TLDR Different people show different symptoms for genetic diseases because of how sensitive their bodies are to small changes in important factors.
The review "Phenotypic heterogeneity in human genetic diseases: ultrasensitivity-mediated threshold effects as a unifying molecular mechanism" discusses the role of ultrasensitivity and threshold effects in explaining the variability in genetic diseases. The authors propose that phenotypic heterogeneity is driven by a threshold effect, where a phenotype may develop if the level or activity of a critical factor falls below a certain point. This threshold effect is influenced by ultrasensitivity, where the system is highly sensitive to small changes in the level or activity of a critical factor.
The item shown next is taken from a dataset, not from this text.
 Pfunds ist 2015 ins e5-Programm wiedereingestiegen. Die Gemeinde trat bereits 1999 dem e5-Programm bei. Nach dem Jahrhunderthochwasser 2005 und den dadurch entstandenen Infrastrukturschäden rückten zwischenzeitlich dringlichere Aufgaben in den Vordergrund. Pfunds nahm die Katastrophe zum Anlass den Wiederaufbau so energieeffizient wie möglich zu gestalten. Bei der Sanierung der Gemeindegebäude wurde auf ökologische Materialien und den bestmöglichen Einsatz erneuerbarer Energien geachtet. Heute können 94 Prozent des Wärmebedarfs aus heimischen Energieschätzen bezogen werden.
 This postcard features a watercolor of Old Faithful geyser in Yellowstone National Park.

The authors suggest three research strategies: identifying the primary mutation and modifier factors, identifying the Ultrasensitive Response Motif (URM) in the regulatory network, and finding ways to shift the system from an ultrasensitive state back to a stable healthy state. They also highlight the potential of manipulating thresholds for disease prevention or therapy. However, they acknowledge that this is a challenging task that requires experimental testing, the combination of 'omics data, and mathematical simulations.